Exercise material:
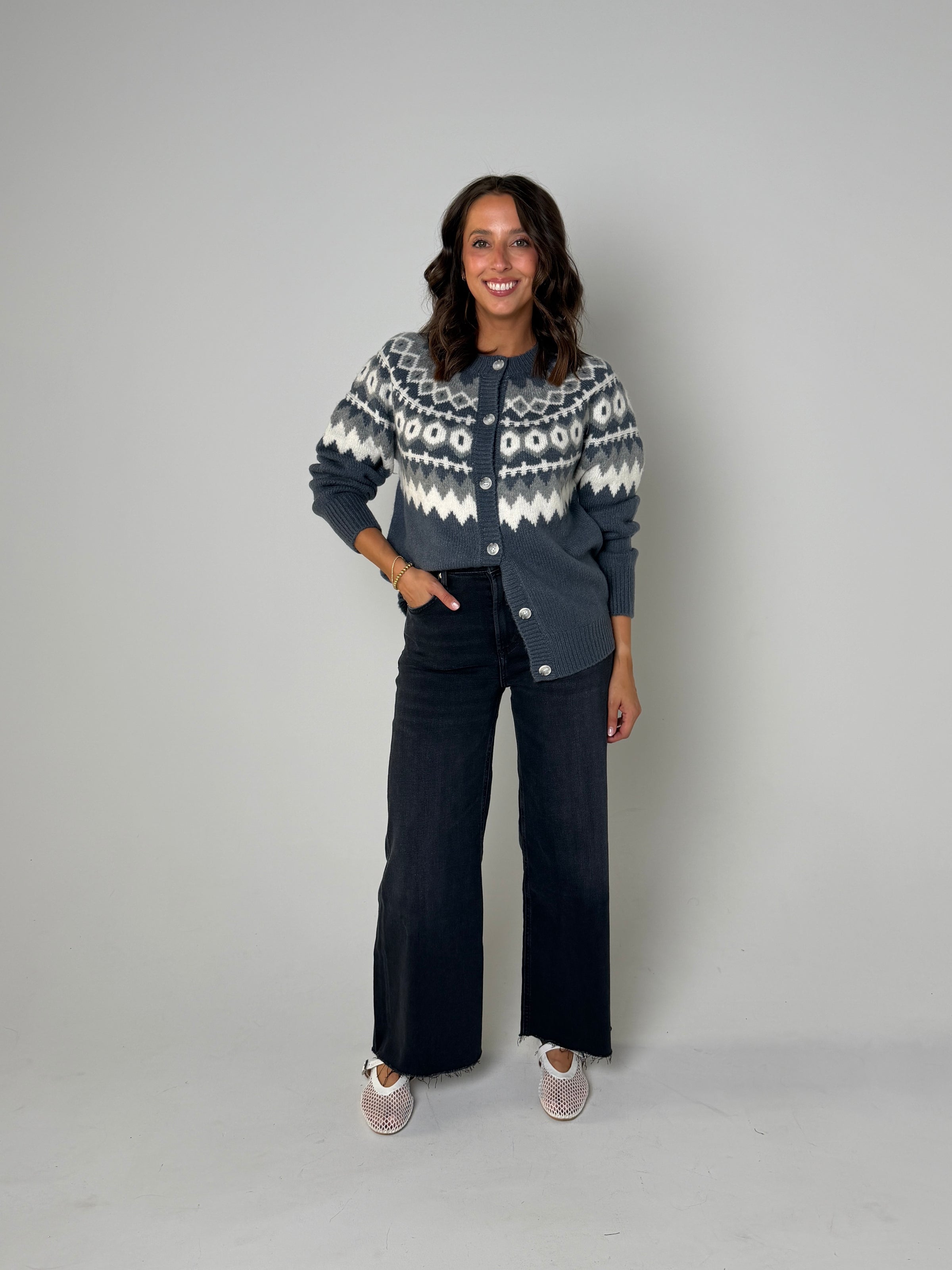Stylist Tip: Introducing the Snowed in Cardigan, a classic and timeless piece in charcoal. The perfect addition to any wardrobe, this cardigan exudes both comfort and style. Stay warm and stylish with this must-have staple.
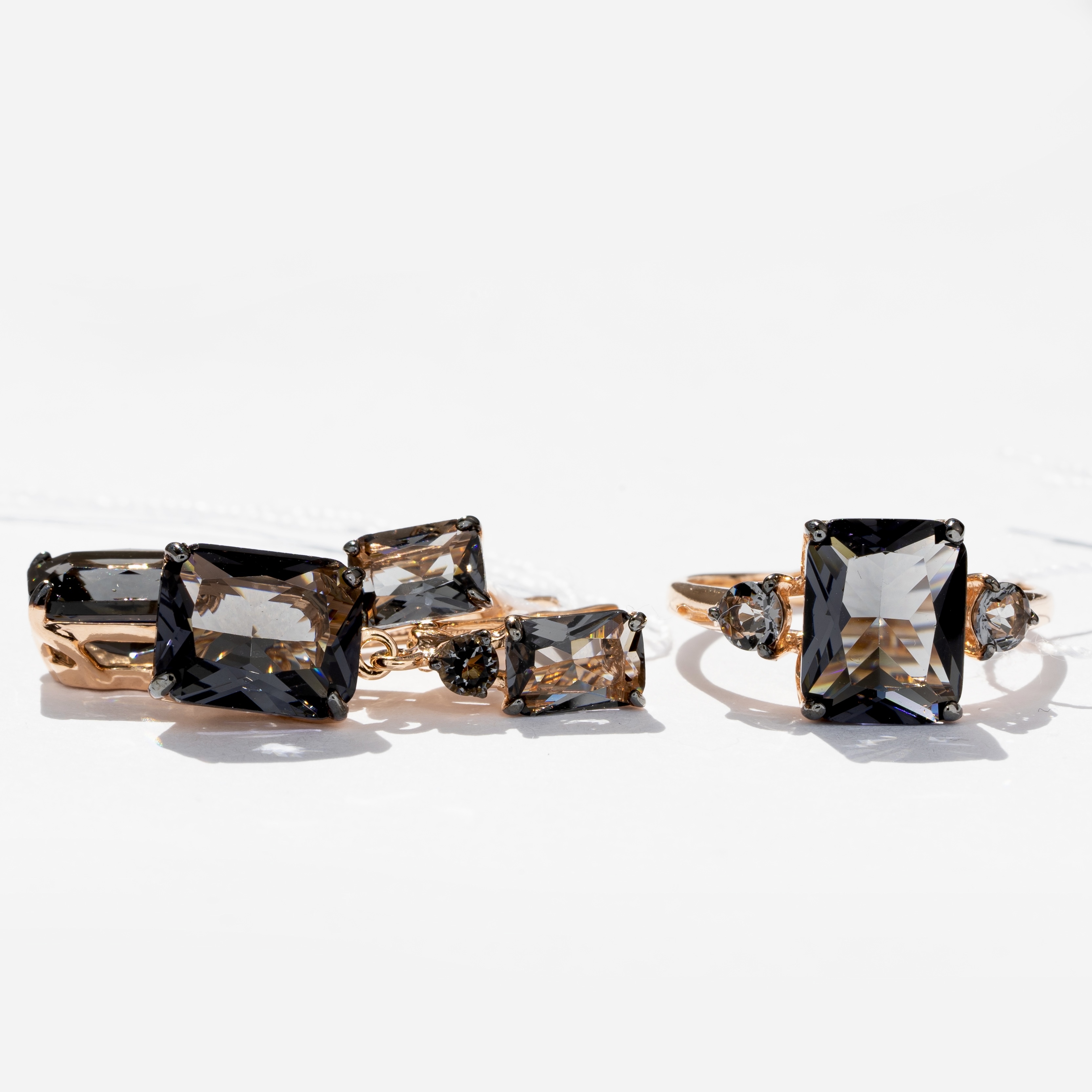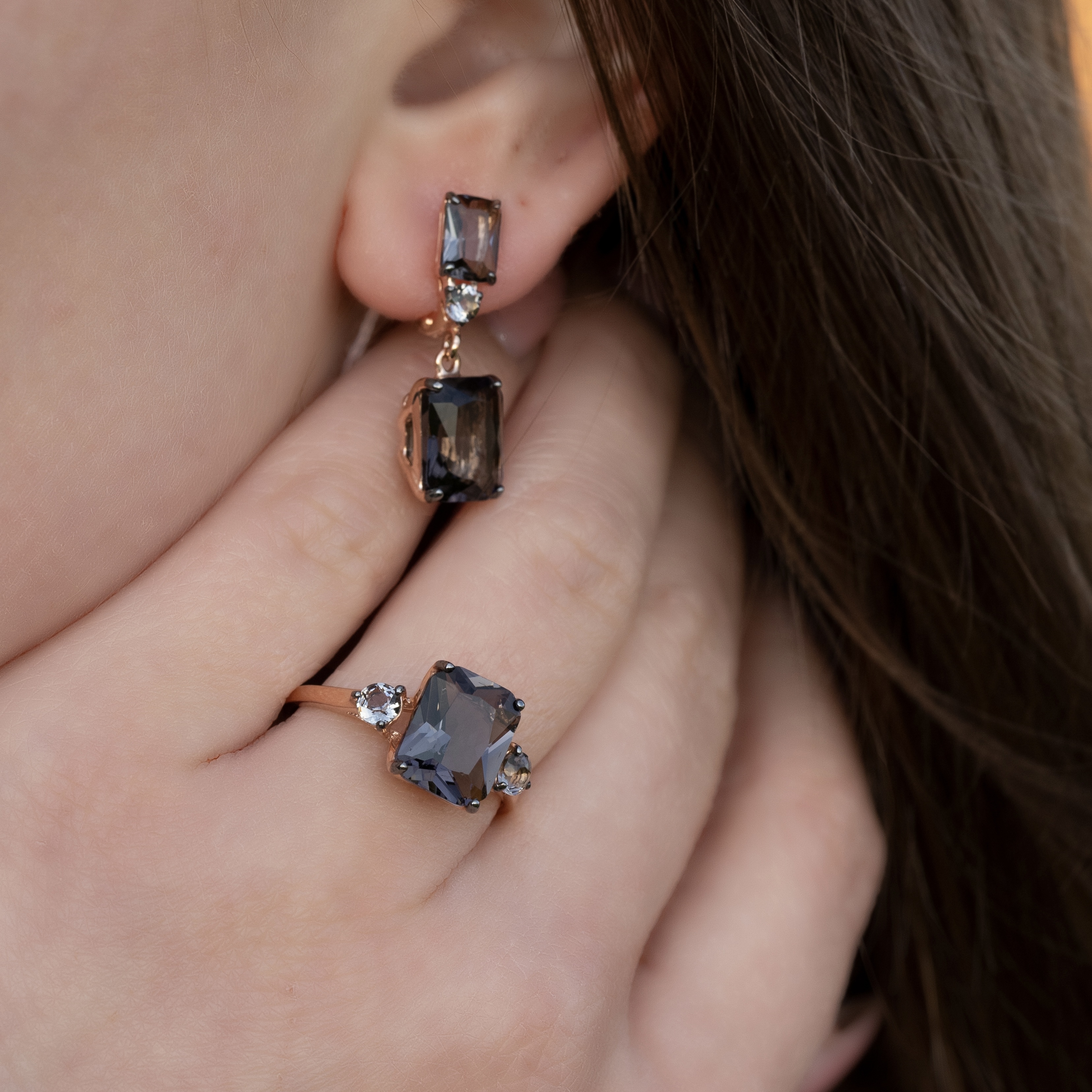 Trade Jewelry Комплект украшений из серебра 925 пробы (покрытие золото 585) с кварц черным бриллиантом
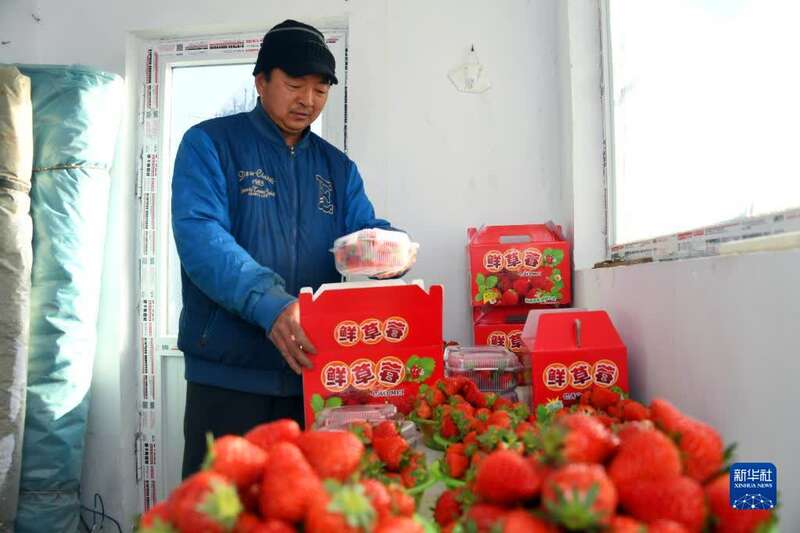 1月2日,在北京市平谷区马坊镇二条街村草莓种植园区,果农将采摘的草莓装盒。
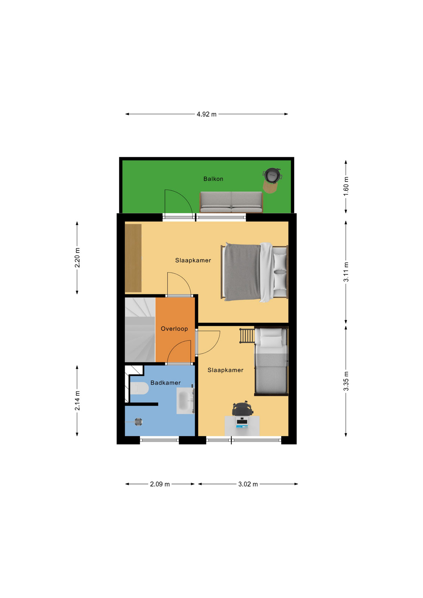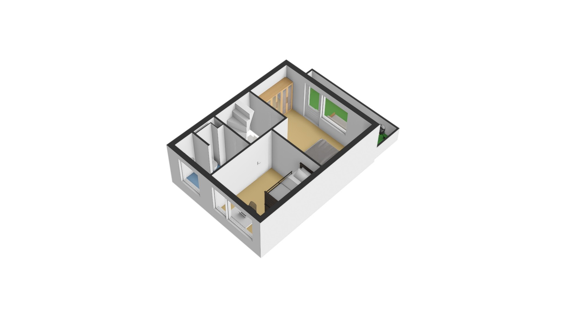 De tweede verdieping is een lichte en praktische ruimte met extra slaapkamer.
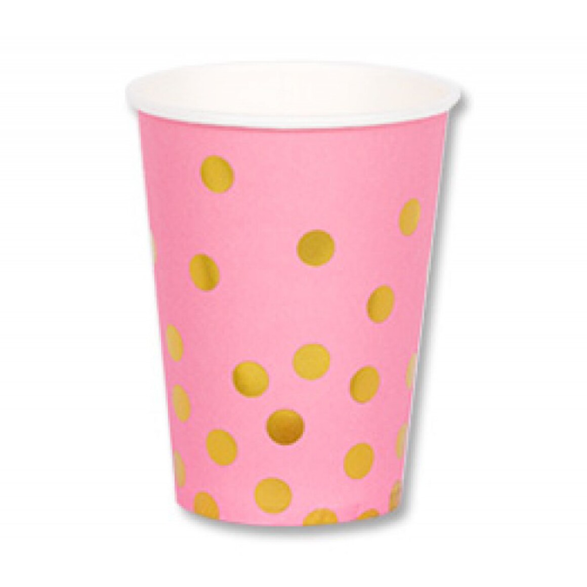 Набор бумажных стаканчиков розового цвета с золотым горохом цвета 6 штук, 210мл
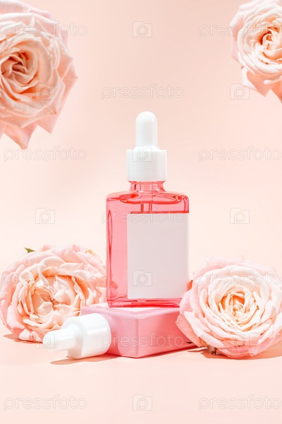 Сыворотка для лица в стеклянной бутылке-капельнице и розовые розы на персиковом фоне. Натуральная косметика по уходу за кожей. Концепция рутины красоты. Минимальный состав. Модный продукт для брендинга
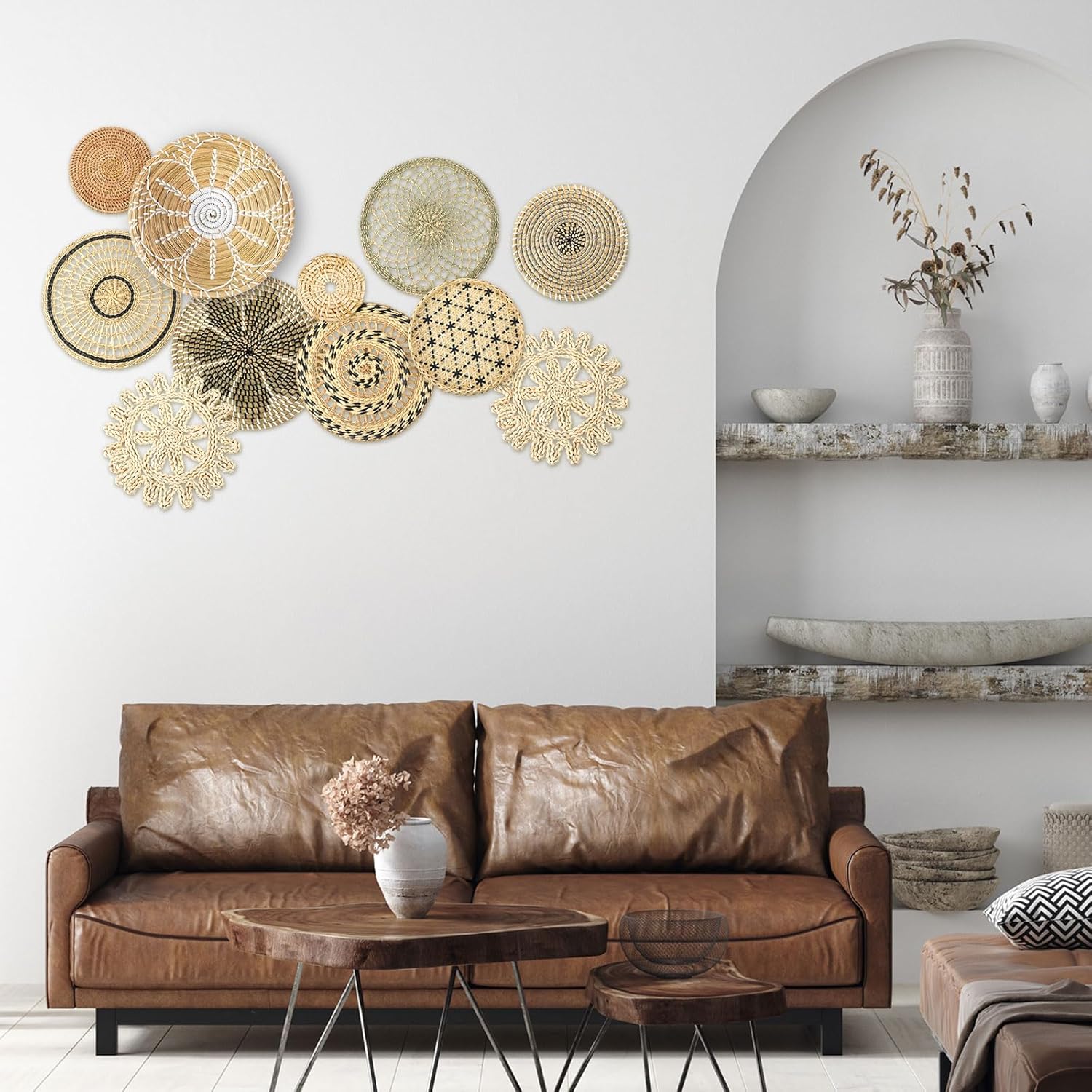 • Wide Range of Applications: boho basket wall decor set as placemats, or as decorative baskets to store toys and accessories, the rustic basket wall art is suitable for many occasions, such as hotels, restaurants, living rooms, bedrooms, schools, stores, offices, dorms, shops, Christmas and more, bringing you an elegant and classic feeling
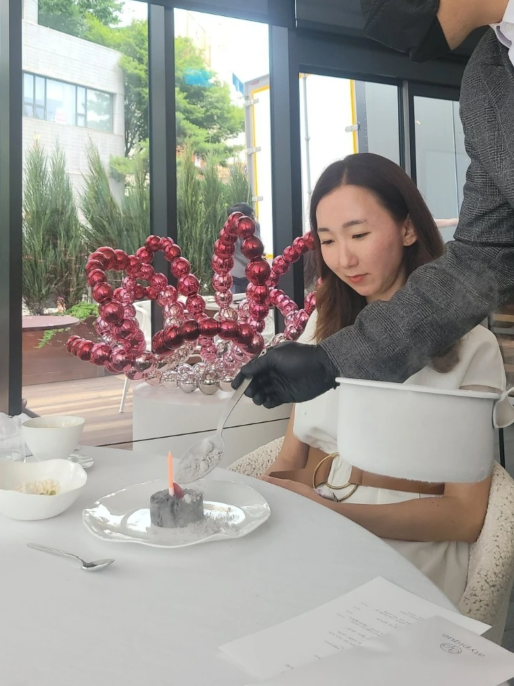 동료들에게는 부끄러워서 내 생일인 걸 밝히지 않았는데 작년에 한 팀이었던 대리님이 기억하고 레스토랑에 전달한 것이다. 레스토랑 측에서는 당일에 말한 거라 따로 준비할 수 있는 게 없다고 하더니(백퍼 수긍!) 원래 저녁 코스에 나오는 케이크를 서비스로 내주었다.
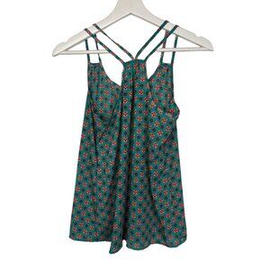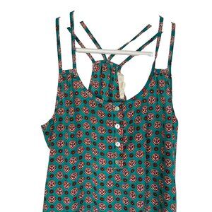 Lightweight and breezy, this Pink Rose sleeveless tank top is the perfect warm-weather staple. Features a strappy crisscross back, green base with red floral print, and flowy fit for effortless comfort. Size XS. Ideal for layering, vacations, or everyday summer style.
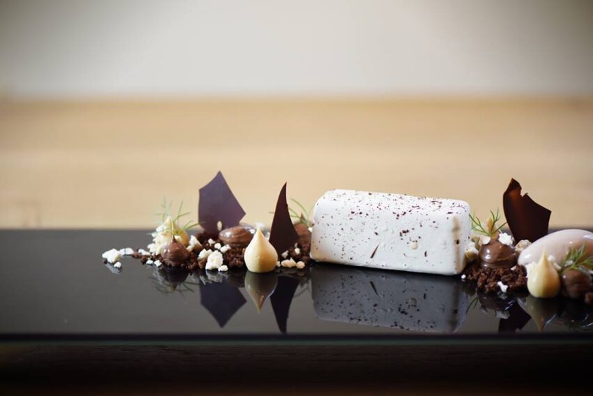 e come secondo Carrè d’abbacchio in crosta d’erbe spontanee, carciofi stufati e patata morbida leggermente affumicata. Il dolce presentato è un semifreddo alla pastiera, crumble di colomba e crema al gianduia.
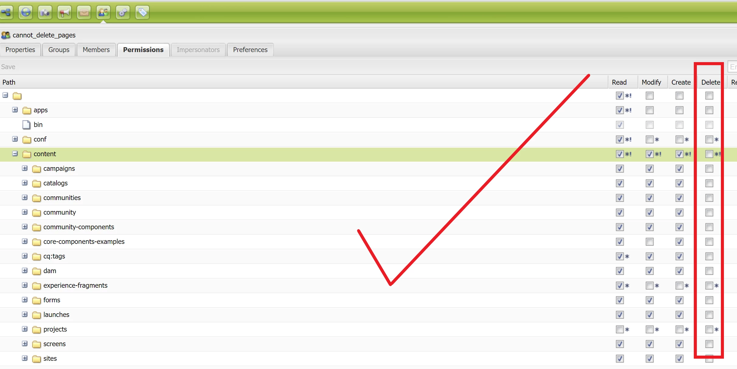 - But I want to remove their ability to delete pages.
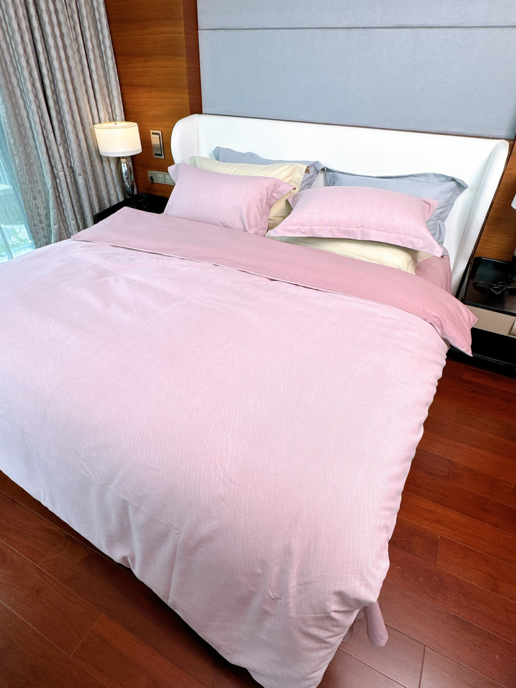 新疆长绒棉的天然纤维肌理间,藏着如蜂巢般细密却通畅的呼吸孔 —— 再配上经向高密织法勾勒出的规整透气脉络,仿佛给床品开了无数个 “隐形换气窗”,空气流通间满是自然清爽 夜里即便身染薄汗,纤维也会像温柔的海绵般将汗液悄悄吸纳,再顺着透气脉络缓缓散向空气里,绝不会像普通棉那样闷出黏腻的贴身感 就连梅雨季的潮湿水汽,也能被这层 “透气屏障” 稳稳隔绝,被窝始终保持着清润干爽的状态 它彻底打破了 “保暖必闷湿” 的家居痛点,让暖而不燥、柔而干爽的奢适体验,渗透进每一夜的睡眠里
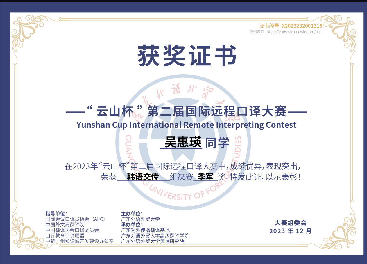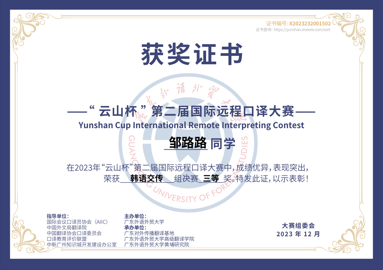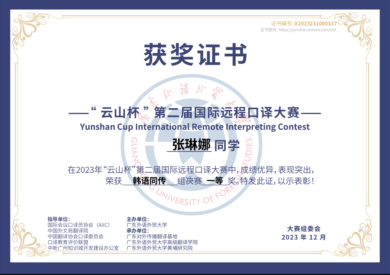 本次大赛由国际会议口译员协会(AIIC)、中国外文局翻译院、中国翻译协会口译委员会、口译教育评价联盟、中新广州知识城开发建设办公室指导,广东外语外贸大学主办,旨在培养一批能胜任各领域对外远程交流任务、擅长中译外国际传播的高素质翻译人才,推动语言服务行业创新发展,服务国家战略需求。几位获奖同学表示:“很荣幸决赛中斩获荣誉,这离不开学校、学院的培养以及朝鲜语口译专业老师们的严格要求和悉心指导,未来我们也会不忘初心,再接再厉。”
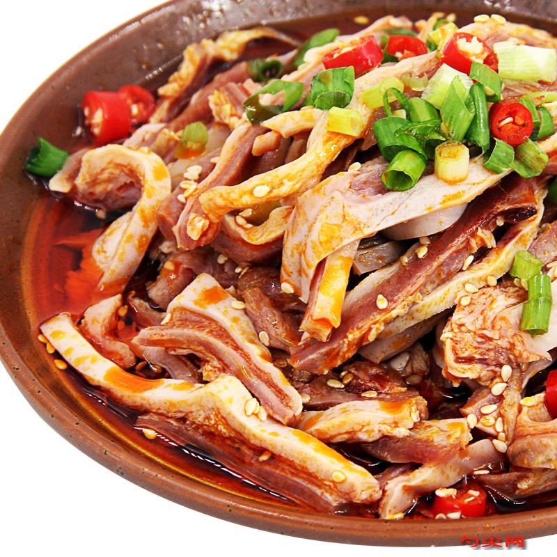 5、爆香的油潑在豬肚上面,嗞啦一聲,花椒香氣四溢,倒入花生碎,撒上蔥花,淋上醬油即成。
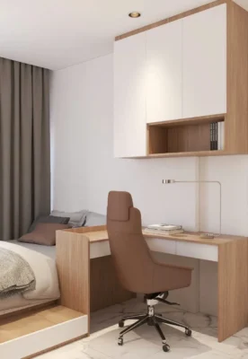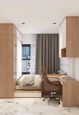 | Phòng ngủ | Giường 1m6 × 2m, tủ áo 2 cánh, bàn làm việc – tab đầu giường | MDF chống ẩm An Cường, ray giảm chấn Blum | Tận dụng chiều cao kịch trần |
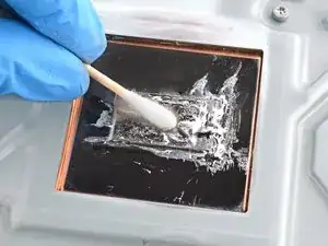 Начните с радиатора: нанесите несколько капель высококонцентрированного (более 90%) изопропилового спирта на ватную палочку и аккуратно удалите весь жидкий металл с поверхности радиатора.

Task brief: Only the text of the entries above is to be given again, exactly, with the pictures left out.

Answer for this exercise:
Stylist Tip: Introducing the Snowed in Cardigan, a classic and timeless piece in charcoal. The perfect addition to any wardrobe, this cardigan exudes both comfort and style. Stay warm and stylish with this must-have staple.
 Trade Jewelry Комплект украшений из серебра 925 пробы (покрытие золото 585) с кварц черным бриллиантом
 1月2日,在北京市平谷区马坊镇二条街村草莓种植园区,果农将采摘的草莓装盒。
 De tweede verdieping is een lichte en praktische ruimte met extra slaapkamer.
 Набор бумажных стаканчиков розового цвета с золотым горохом цвета 6 штук, 210мл
 Сыворотка для лица в стеклянной бутылке-капельнице и розовые розы на персиковом фоне. Натуральная косметика по уходу за кожей. Концепция рутины красоты. Минимальный состав. Модный продукт для брендинга
 • Wide Range of Applications: boho basket wall decor set as placemats, or as decorative baskets to store toys and accessories, the rustic basket wall art is suitable for many occasions, such as hotels, restaurants, living rooms, bedrooms, schools, stores, offices, dorms, shops, Christmas and more, bringing you an elegant and classic feeling
 동료들에게는 부끄러워서 내 생일인 걸 밝히지 않았는데 작년에 한 팀이었던 대리님이 기억하고 레스토랑에 전달한 것이다. 레스토랑 측에서는 당일에 말한 거라 따로 준비할 수 있는 게 없다고 하더니(백퍼 수긍!) 원래 저녁 코스에 나오는 케이크를 서비스로 내주었다.
 Lightweight and breezy, this Pink Rose sleeveless tank top is the perfect warm-weather staple. Features a strappy crisscross back, green base with red floral print, and flowy fit for effortless comfort. Size XS. Ideal for layering, vacations, or everyday summer style.
 e come secondo Carrè d’abbacchio in crosta d’erbe spontanee, carciofi stufati e patata morbida leggermente affumicata. Il dolce presentato è un semifreddo alla pastiera, crumble di colomba e crema al gianduia.
 - But I want to remove their ability to delete pages.
 新疆长绒棉的天然纤维肌理间,藏着如蜂巢般细密却通畅的呼吸孔 —— 再配上经向高密织法勾勒出的规整透气脉络,仿佛给床品开了无数个 “隐形换气窗”,空气流通间满是自然清爽 夜里即便身染薄汗,纤维也会像温柔的海绵般将汗液悄悄吸纳,再顺着透气脉络缓缓散向空气里,绝不会像普通棉那样闷出黏腻的贴身感 就连梅雨季的潮湿水汽,也能被这层 “透气屏障” 稳稳隔绝,被窝始终保持着清润干爽的状态 它彻底打破了 “保暖必闷湿” 的家居痛点,让暖而不燥、柔而干爽的奢适体验,渗透进每一夜的睡眠里
 本次大赛由国际会议口译员协会(AIIC)、中国外文局翻译院、中国翻译协会口译委员会、口译教育评价联盟、中新广州知识城开发建设办公室指导,广东外语外贸大学主办,旨在培养一批能胜任各领域对外远程交流任务、擅长中译外国际传播的高素质翻译人才,推动语言服务行业创新发展,服务国家战略需求。几位获奖同学表示:“很荣幸决赛中斩获荣誉,这离不开学校、学院的培养以及朝鲜语口译专业老师们的严格要求和悉心指导,未来我们也会不忘初心,再接再厉。”
 5、爆香的油潑在豬肚上面,嗞啦一聲,花椒香氣四溢,倒入花生碎,撒上蔥花,淋上醬油即成。
 | Phòng ngủ | Giường 1m6 × 2m, tủ áo 2 cánh, bàn làm việc – tab đầu giường | MDF chống ẩm An Cường, ray giảm chấn Blum | Tận dụng chiều cao kịch trần |
 Начните с радиатора: нанесите несколько капель высококонцентрированного (более 90%) изопропилового спирта на ватную палочку и аккуратно удалите весь жидкий металл с поверхности радиатора.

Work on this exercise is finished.